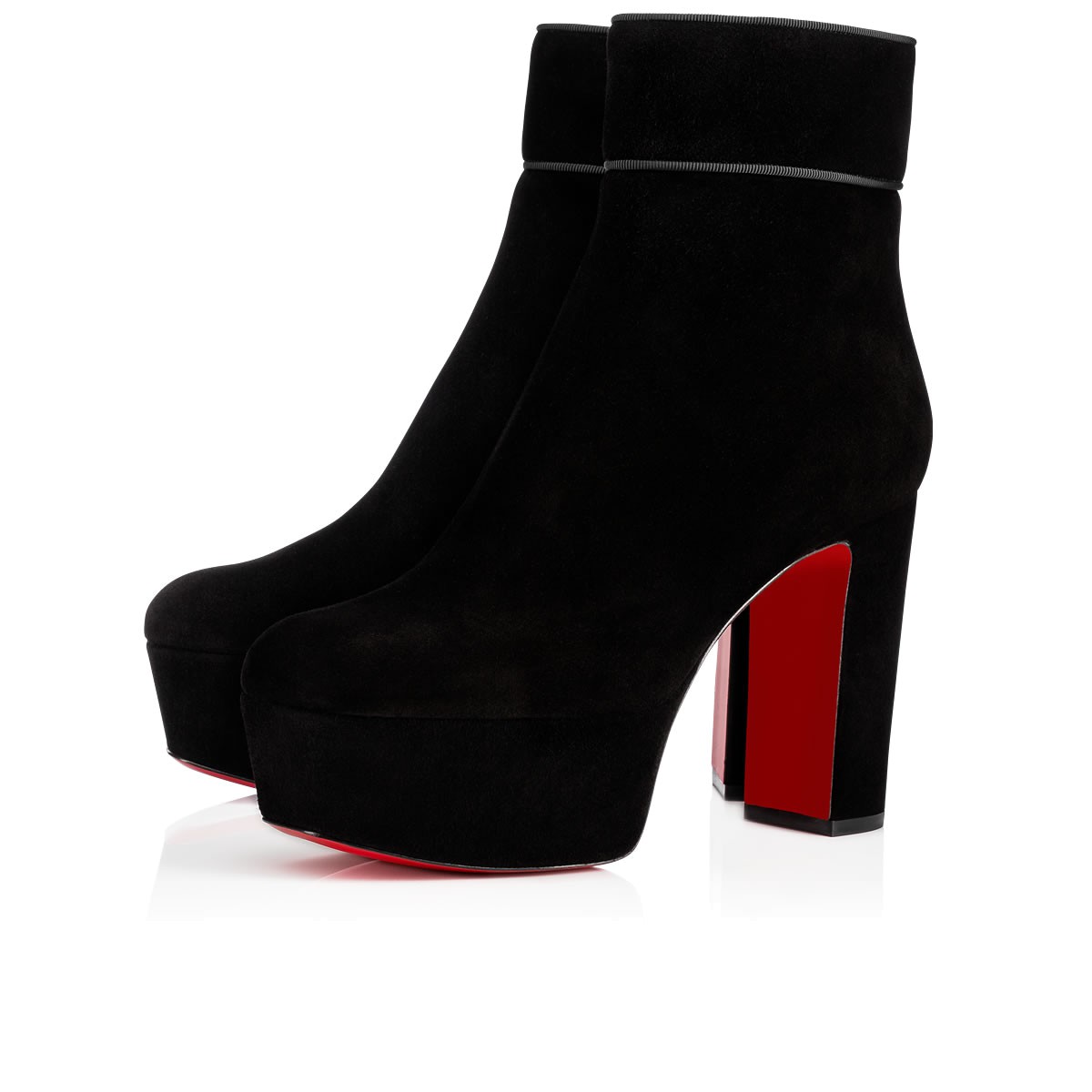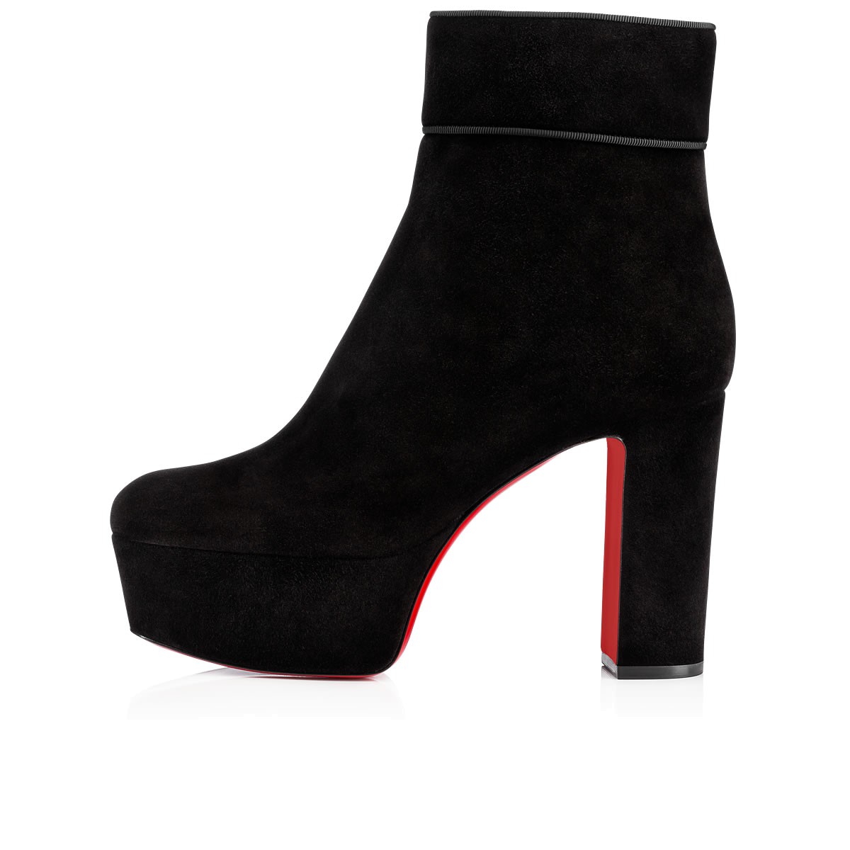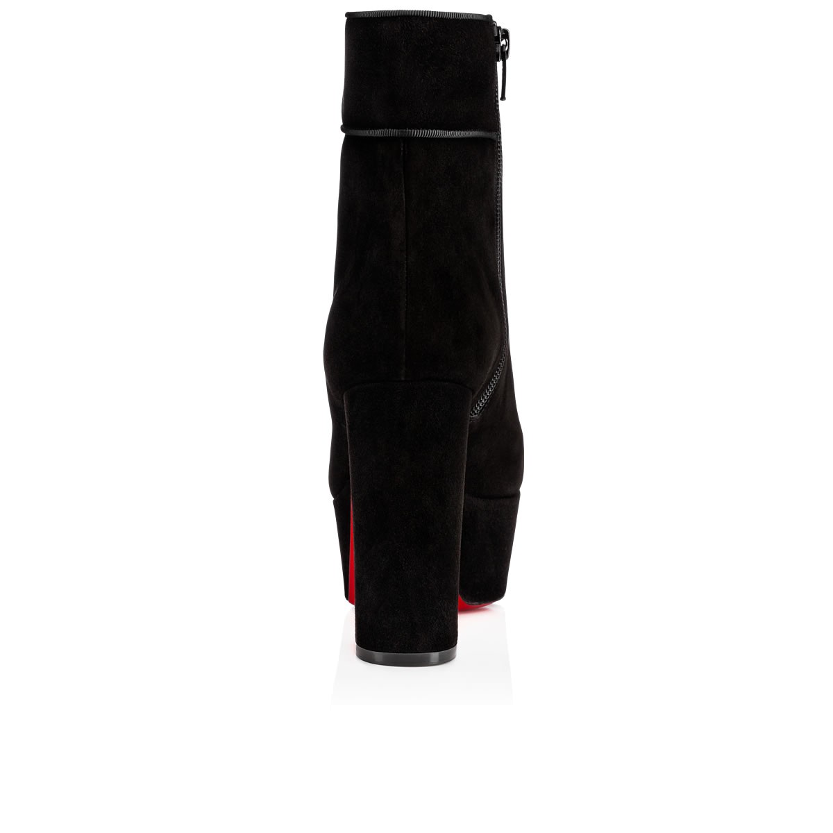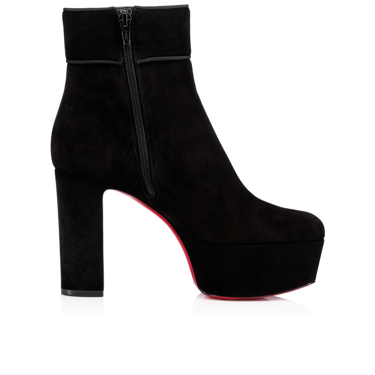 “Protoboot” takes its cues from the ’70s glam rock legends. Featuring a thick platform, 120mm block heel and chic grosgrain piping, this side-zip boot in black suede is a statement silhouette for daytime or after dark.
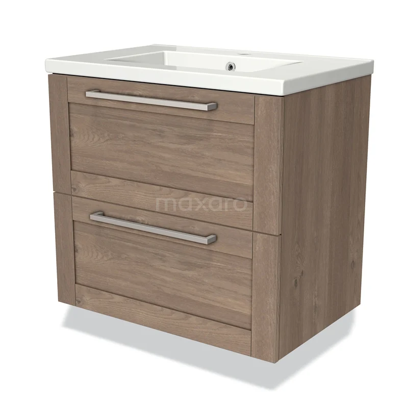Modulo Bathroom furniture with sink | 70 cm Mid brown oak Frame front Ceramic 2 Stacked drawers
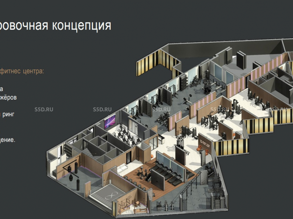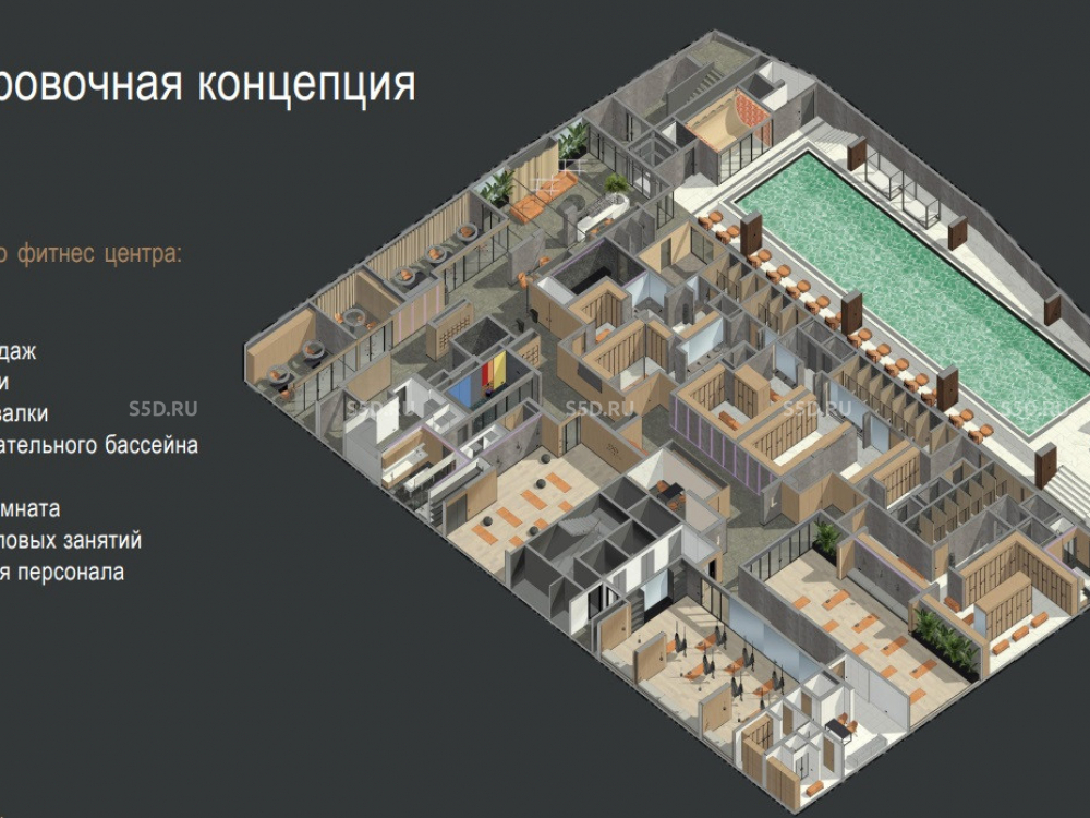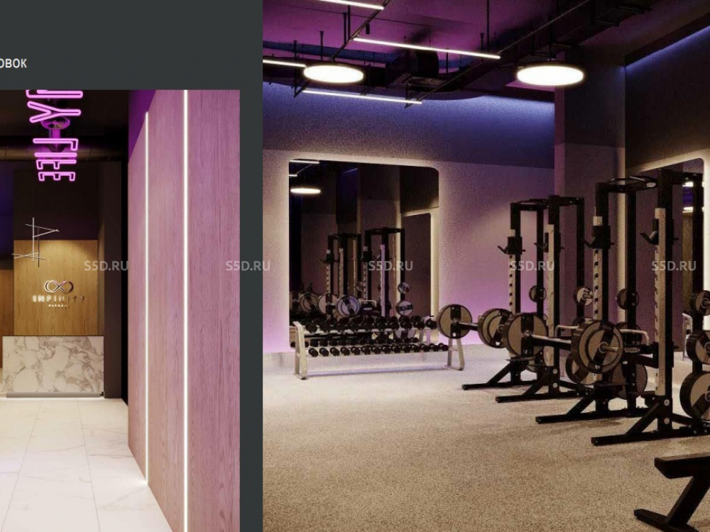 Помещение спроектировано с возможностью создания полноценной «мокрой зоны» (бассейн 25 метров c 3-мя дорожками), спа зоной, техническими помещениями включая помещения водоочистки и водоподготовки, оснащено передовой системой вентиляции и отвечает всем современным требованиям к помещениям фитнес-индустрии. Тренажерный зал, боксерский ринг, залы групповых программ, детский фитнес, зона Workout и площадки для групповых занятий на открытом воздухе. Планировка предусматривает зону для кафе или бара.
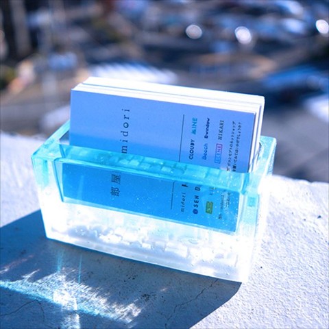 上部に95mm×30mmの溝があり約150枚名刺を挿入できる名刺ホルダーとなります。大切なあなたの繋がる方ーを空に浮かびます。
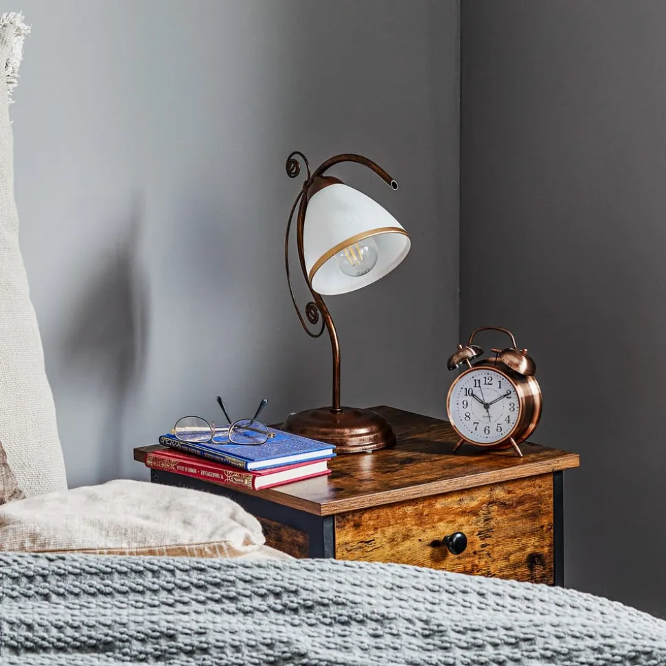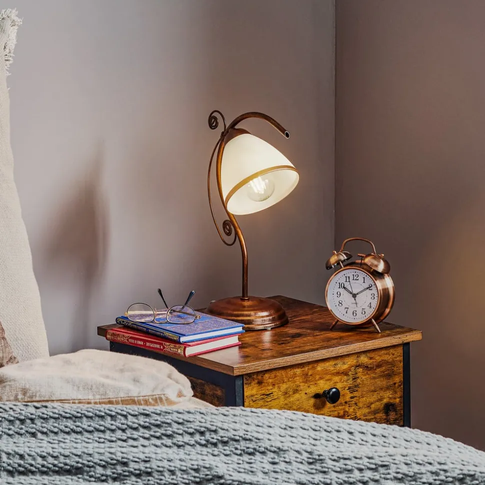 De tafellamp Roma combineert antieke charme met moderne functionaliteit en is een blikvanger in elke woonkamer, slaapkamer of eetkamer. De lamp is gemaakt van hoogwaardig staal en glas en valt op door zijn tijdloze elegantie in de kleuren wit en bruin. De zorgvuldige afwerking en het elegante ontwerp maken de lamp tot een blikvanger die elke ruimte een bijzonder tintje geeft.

********************

YOUR INSTRUCTIONS — The copy must reproduce the listing above verbatim and contain no pictures.

RESPONSE AREA —
 “Protoboot” takes its cues from the ’70s glam rock legends. Featuring a thick platform, 120mm block heel and chic grosgrain piping, this side-zip boot in black suede is a statement silhouette for daytime or after dark.
Modulo Bathroom furniture with sink | 70 cm Mid brown oak Frame front Ceramic 2 Stacked drawers
 Помещение спроектировано с возможностью создания полноценной «мокрой зоны» (бассейн 25 метров c 3-мя дорожками), спа зоной, техническими помещениями включая помещения водоочистки и водоподготовки, оснащено передовой системой вентиляции и отвечает всем современным требованиям к помещениям фитнес-индустрии. Тренажерный зал, боксерский ринг, залы групповых программ, детский фитнес, зона Workout и площадки для групповых занятий на открытом воздухе. Планировка предусматривает зону для кафе или бара.
 上部に95mm×30mmの溝があり約150枚名刺を挿入できる名刺ホルダーとなります。大切なあなたの繋がる方ーを空に浮かびます。
 De tafellamp Roma combineert antieke charme met moderne functionaliteit en is een blikvanger in elke woonkamer, slaapkamer of eetkamer. De lamp is gemaakt van hoogwaardig staal en glas en valt op door zijn tijdloze elegantie in de kleuren wit en bruin. De zorgvuldige afwerking en het elegante ontwerp maken de lamp tot een blikvanger die elke ruimte een bijzonder tintje geeft.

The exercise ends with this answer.